Distribution of individual calf scores on Factor 1 (‘Eating’) of the Food Neophobia PCA plotted against each factor of the Novelty PCA: (A) Factor 1 (‘Bold’), (B) Factor 2 (‘Exploratory’), and (C) Factor 3 (‘Active’). The linear regression trendline for each plot is presented (solid black line = significant regression, P < 0.05; dotted line = non-significant regression, P > 0.05).
Distribution of individual calf scores on Factor 2 (‘Inspecting’) of the Food Neophobia PCA plotted against each factor of the Novelty PCA: (A) Factor 1 (‘Bold’), (B) Factor 2 (‘Exploratory’), and (C) Factor 3 (‘Active’). The linear regression trendline for each plot is presented (solid black line = significant regression, P < 0.05; dotted line = non-significant regression, P > 0.05).
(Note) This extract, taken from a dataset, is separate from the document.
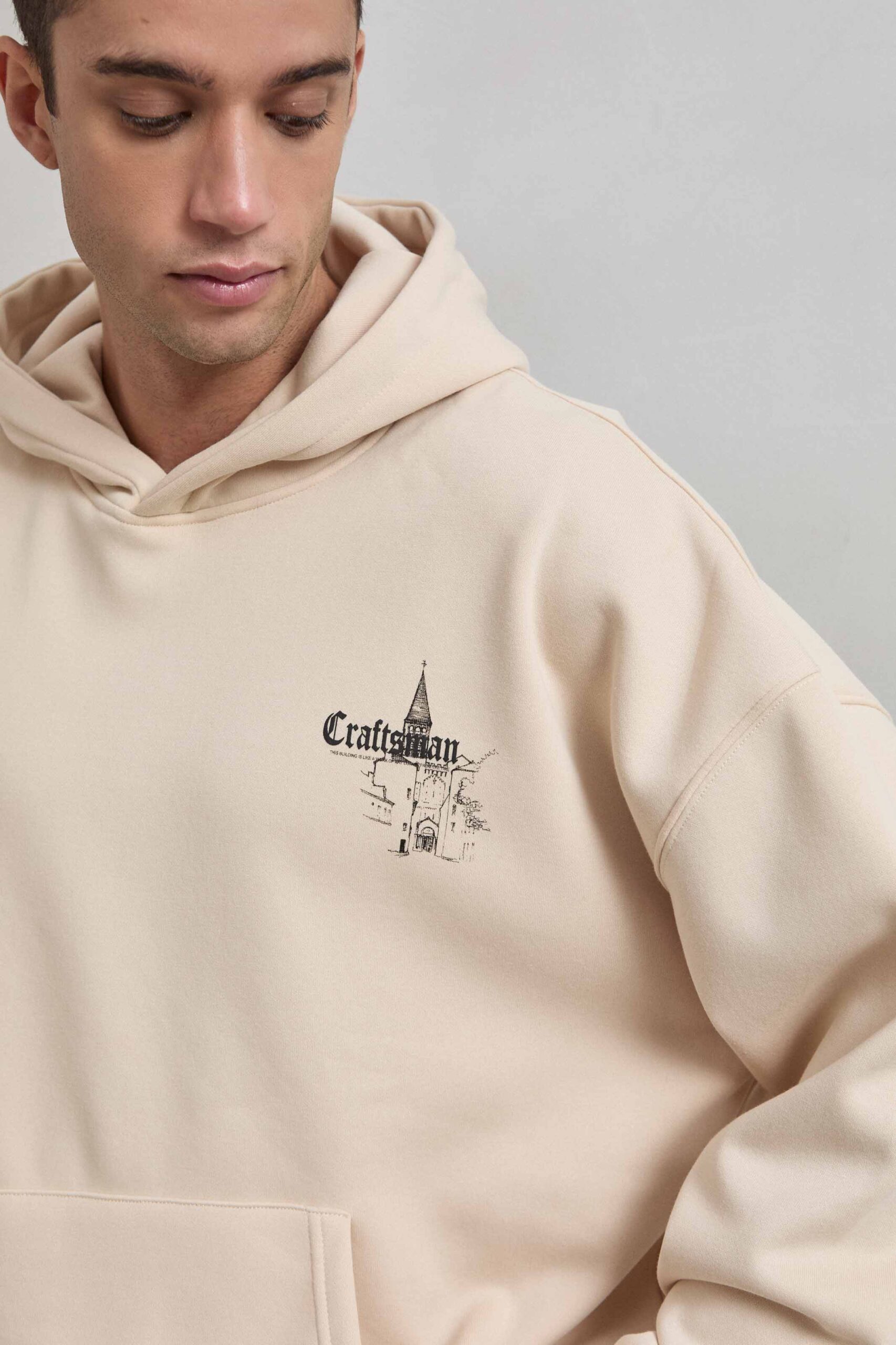 Sudadera Beige Oversize Afelpada Diseño Craftsman

Distribution of individual calf scores on Factor 3 (‘Avoidance’) of the Food Neophobia PCA plotted against each factor of the Novelty PCA: (A) Factor 1 (‘Bold’), (B) Factor 2 (‘Exploratory’), and (C) Factor 3 (‘Active’). The linear regression trendline for each plot is presented (solid black line = significant regression, P < 0.05; dotted line = non-significant regression, P > 0.05).
Discussion
This study investigated the relationship between behaviours expressed during exposure to a novel food versus exposure to an open field, novel object and novel human, and if these behavioural responses reflected boldness and exploratory personality traits. We found that behaviours in the novel object and novel human tests were well correlated, reflecting a boldness personality trait, and that behaviours in the open field test were not correlated with the novel object and novel human tests, reflecting exploration and activity personality traits. While correlated sets of behaviours in the food neophobia test did not predict scores for the boldness or exploratory personality traits measured in the traditional tests, some behaviours in the food neophobia test did predict scores for the activity personality trait. This result indicates that when calves are faced with a novel food, their behavioural responses may not reflect boldness or exploratory traits, and may instead reflect a different personality trait or they may be context-specific. We discuss explanations for these findings in light of the limitations of our study.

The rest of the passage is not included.